Microsoft reagierte darauf, indem eine komplett neue Plattform entwickelt wurde: Microsoft .NET (gesprochen "dot net"). Ein kurzer Überblick über die wichtigsten Bestandteile von .NET ist in unserer Grundlagen-Rubrik zu finden.
Seit Delphi 8 ist es möglich, mit Delphi Anwendungen für das .NET-Framework zu erstellen. Dabei stehen zwei verschiedene Wege für die Erstellung von Windows-Applikationen mit grafischer Benutzeroberfläche zur Verfügung: WinForms und VCL.NET. Was sind Vor- und Nachteile von diesen Alternativen?
WinForms
Erstellt man eine WinForms-Anwendung, basiert diese direkt auf der FCL, der .NET-Framework Class Library. Sie können als Entwickler also direkt die .NET-Klassenbibliothek verwenden, die Microsoft mit .NET ausliefert. Diese unterscheidet sich allerdings mal mehr, mal weniger von der VCL, die in Delphi bisher verwendet wurde. Es ist also nicht möglich, bestehende Delphi-Anwendungen ohne Änderungen in eine WinForms-Anwendung zu konvertieren. Und Sie können Ihr bislang mit der VCL erworbenes Wissen nicht verwenden, sondern müssen umlernen und sich in der FCL zurecht finden. Dafür können Sie auch allgemeine .NET-Literatur zu Hilfe nehmen, die sich nicht speziell mit Delphi beschäftigen.
VCL.NET
Der Name lässt es ahnen: Die VCL.NET ist eine .NET-Variante der bekannten Visual Component Library. Sie basiert nicht auf der .NET-Klassenbibliothek, sondern ist parallel dazu von Borland erstellt worden. Dennoch lassen sich mit Hilfe des Delphi für .NET-Compilers .NET-kompatible Anwendungen erzeugen. Vorteil der VCL.NET ist also eindeutig: Sie müssen nicht umlernen und können bestehende Anwendungen leicht .NET-fähig machen (vorausgesetzt alle Komponenten stehen auch in einer .NET-Version zur Verfügung). Kurz nach dem Erscheinen der ersten Delphi für .NET-Version wurde die VCL.NET von vielen nur als Umstiegshilfe für Win32-Entwickler gesehen. Borland hat aber weiter gedacht. Inzwischen ist klar, dass es auch eine VCL für Avalon geben wird. Die VCL.NET ist also kein totes Pferd. Nachteil ist, dass VCL.NET-Anwendungen etwas größer werden als WinForms-Anwendungen.

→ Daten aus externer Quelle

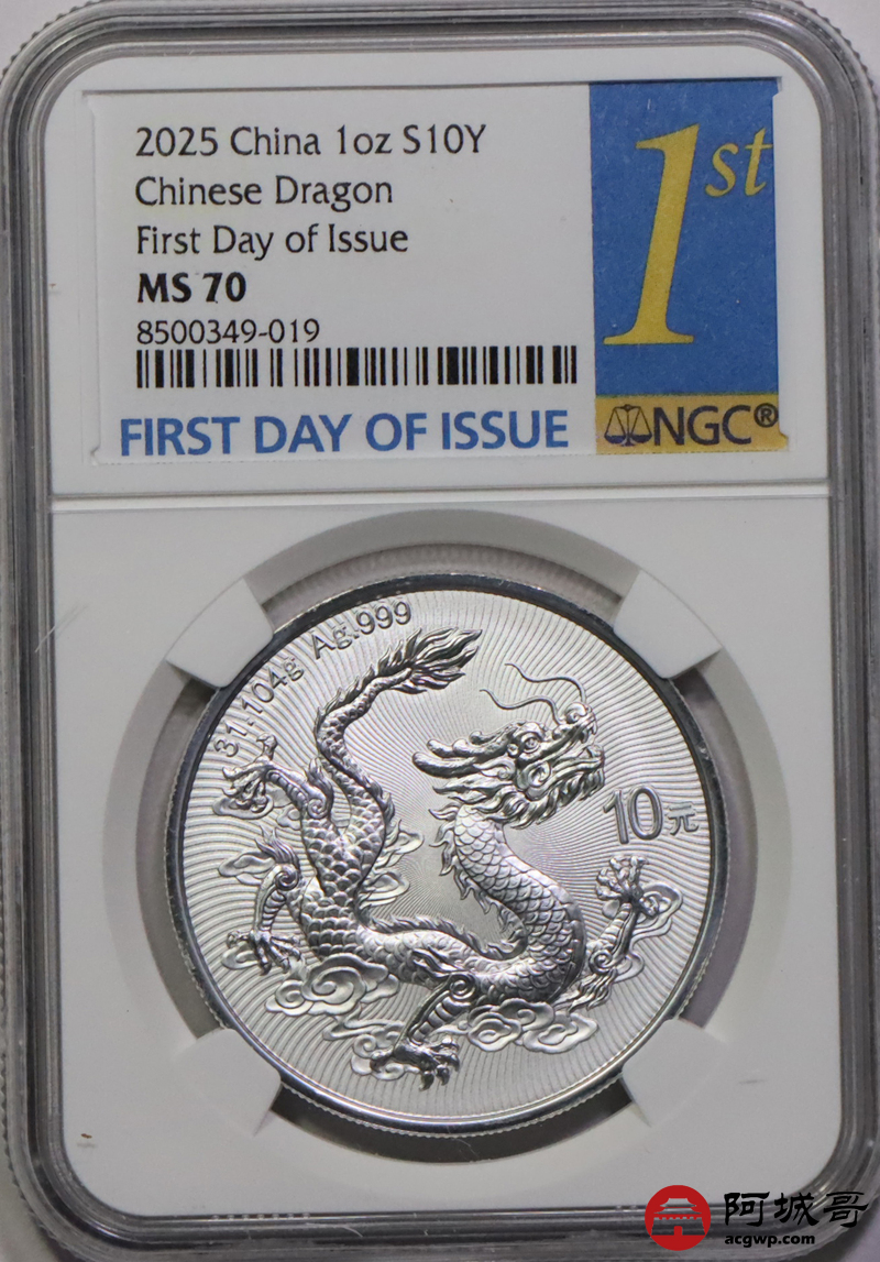 Lot:19 2025年中国龙银币 NGC MS70首日标

In der Rubrik "Insider" finden Sie einen Artikel mit Informationen, weshalb sich Borland entschieden hat, VCL.NET zu entwickeln.

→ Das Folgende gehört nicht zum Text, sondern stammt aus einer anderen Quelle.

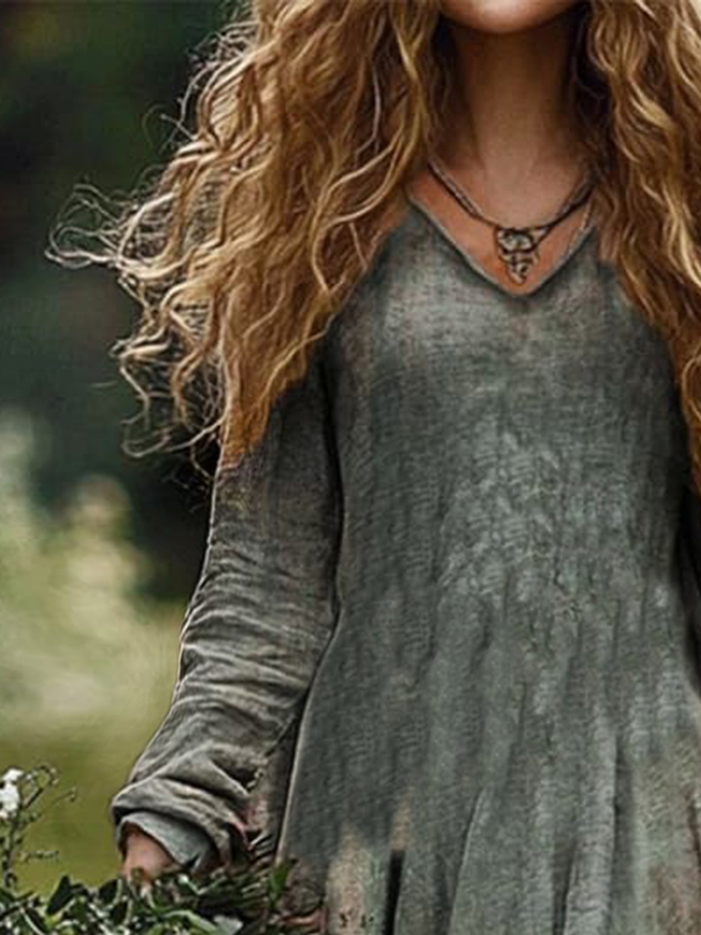 V Neck Loosen Casual Long sleeve Woven Dress

Wie auch immer Sie sich entscheiden, in diesem Tutorial wollen wir Sie bei den ersten Schritten in Delphi für .NET begleiten. Wir werden alle Schritte, bei denen es relevant ist, sowohl in der WinForms- als auch in der VCL.NET-Variante darstellen.
Mit dem .NET-Framework ist auch die Entwicklung von Web-Anwendungen (ASP.NET) möglich. Darauf soll in diesem Tutorial jedoch nicht eingegangen werden. Entsprechende Tutorials finden Sie in der Rubrik Web-Tutorials.